Background
I have some code that performs batch HTML page processing using content from one specific host. It tries to make a large number (~400) of simultaneous HTTP requests using HttpClient
. I believe that the maximum number of simultaneous connections is restricted by ServicePointManager.DefaultConnectionLimit
, so I'm not applying my own concurrency restrictions.
After sending all of the requests asynchronously to HttpClient
using Task.WhenAll
, the entire batch operation can be cancelled using CancellationTokenSource
and CancellationToken
. The progress of the operation is viewable via a user interface, and a button can be clicked to perform the cancellation.
Problem
The call to CancellationTokenSource.Cancel()

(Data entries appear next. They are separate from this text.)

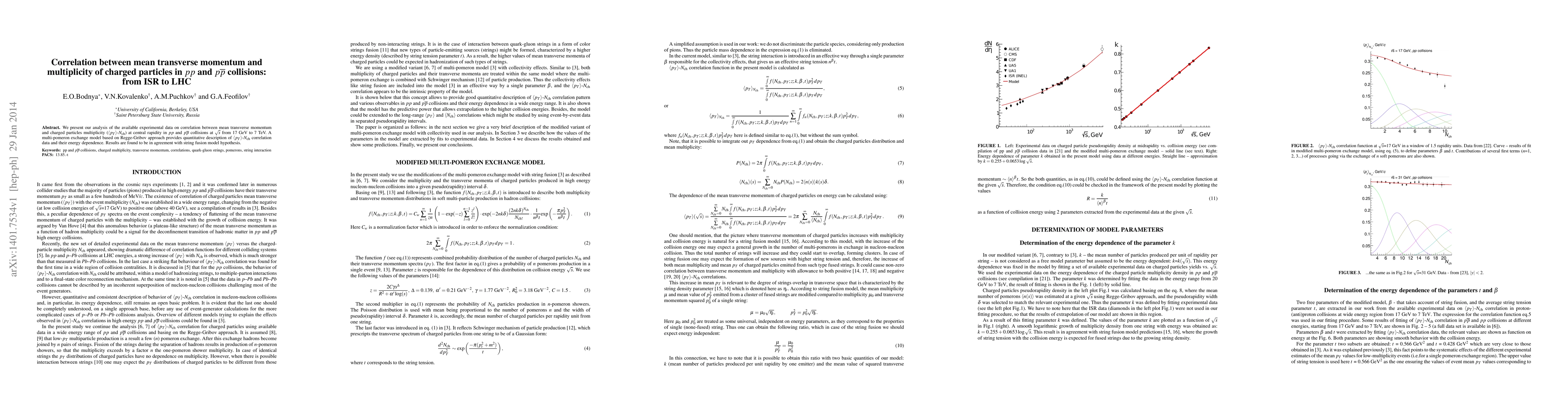 This paper analyzes the correlation between mean transverse momentum and charged particle multiplicity in $pp$ and $p\bar{p}$ collisions from ISR to LHC energies. A multi-pomeron exchange model based on the Regge-Gribov approach quantitatively describes these correlations, aligning with the string fusion model hypothesis.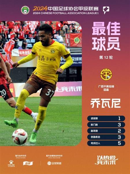 六月五日消息,第十二轮联赛结束后,中甲官方宣布了广西平果哈响外援乔瓦尼这一轮的最佳球员。在评审委员会的专家投票中,乔瓦尼获得了7张第一顺位选票,以98分当选。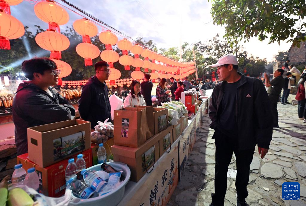 9月21日,游客在天津市蓟州区西井峪村庆丰宴活动现场选购农产品。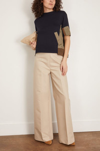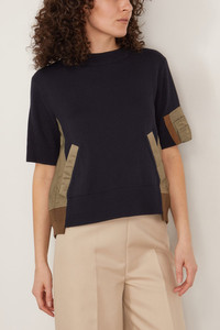 Nylon Twill and Knit Pullover in Navy/Taupe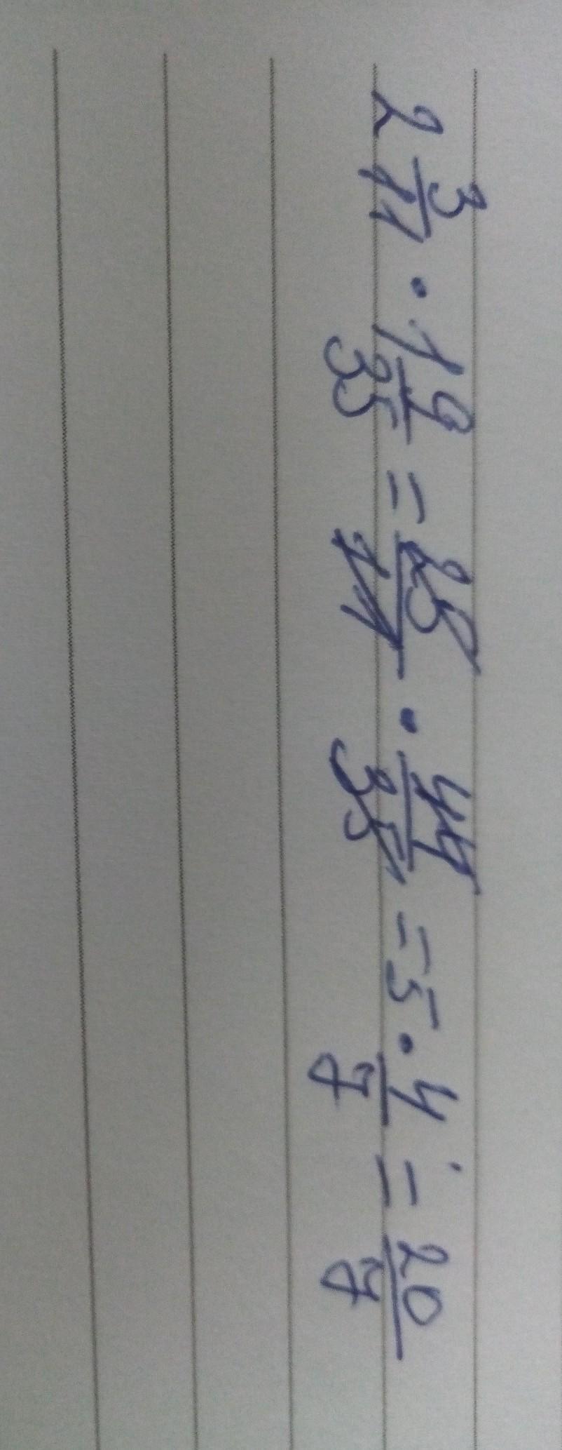 2 3/11×1 9/35=25/11×44/35(скорочуємо 11,та 44)=25×4/11(потім скорочуємо з того самого друбу якого ми скорочили треба скоротити 25,та 35)=5× 4/7=20/7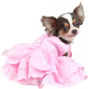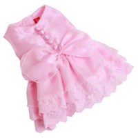 Elegante vestitino rosa per cani con corpetto in organza e gonna a balze impreziosita da pizzo sangallo. Grande fiocco nello stesso colore in vita. Chiusura velcro.

blocks for roughly 5 - 30 seconds. This causes the user interface to freeze. Is suspect that this occurs because the method is calling the code that registered for cancellation notification.
What I've Considered
- Limiting the number of simultaneous HTTP request tasks. I consider this a work-around because
HttpClient
already seems to queue excess requests itself. - Performing the
CancellationTokenSource.Cancel()
method call in a non-UI thread. This didn't work too well; the task didn't actually run until most of the others had finished. I think anasync
version of the method would work well, but I couldn't find one. Also, I have the impression that it's suitable to use the method in a UI thread.
Demonstration
Code
class Program
{
private const int desiredNumberOfConnections = 418;
static void Main(string[] args)
{
ManyHttpRequestsTest().Wait();
Console.WriteLine("Finished.");
Console.ReadKey();
}
private static async Task ManyHttpRequestsTest()
{
using (var client = new HttpClient())
using (var cancellationTokenSource = new CancellationTokenSource())
{
var requestsCompleted = 0;
using (var allRequestsStarted = new CountdownEvent(desiredNumberOfConnections))
{
Action reportRequestStarted = () => allRequestsStarted.Signal();
Action reportRequestCompleted = () => Interlocked.Increment(ref requestsCompleted);
Func<int, Task> getHttpResponse = index => GetHttpResponse(client, cancellationTokenSource.Token, reportRequestStarted, reportRequestCompleted);
var httpRequestTasks = Enumerable.Range(0, desiredNumberOfConnections).Select(getHttpResponse);
Console.WriteLine("HTTP requests batch being initiated");
var httpRequestsTask = Task.WhenAll(httpRequestTasks);
Console.WriteLine("Starting {0} requests (simultaneous connection limit of {1})", desiredNumberOfConnections, ServicePointManager.DefaultConnectionLimit);
allRequestsStarted.Wait();
Cancel(cancellationTokenSource);
await WaitForRequestsToFinish(httpRequestsTask);
}
Console.WriteLine("{0} HTTP requests were completed", requestsCompleted);
}
}
private static void Cancel(CancellationTokenSource cancellationTokenSource)
{
Console.Write("Cancelling...");
var stopwatch = Stopwatch.StartNew();
cancellationTokenSource.Cancel();
stopwatch.Stop();
Console.WriteLine("took {0} seconds", stopwatch.Elapsed.TotalSeconds);
}
private static async Task WaitForRequestsToFinish(Task httpRequestsTask)
{
Console.WriteLine("Waiting for HTTP requests to finish");
try
{
await httpRequestsTask;
}
catch (OperationCanceledException)
{
Console.WriteLine("HTTP requests were cancelled");
}
}
private static async Task GetHttpResponse(HttpClient client, CancellationToken cancellationToken, Action reportStarted, Action reportFinished)
{
var getResponse = client.GetAsync("http://www.google.com", cancellationToken);
reportStarted();
using (var response = await getResponse)
response.EnsureSuccessStatusCode();
reportFinished();
}
}
Output
Why does cancellation block for so long? Also, is there anything that I'm doing wrong or could be doing better?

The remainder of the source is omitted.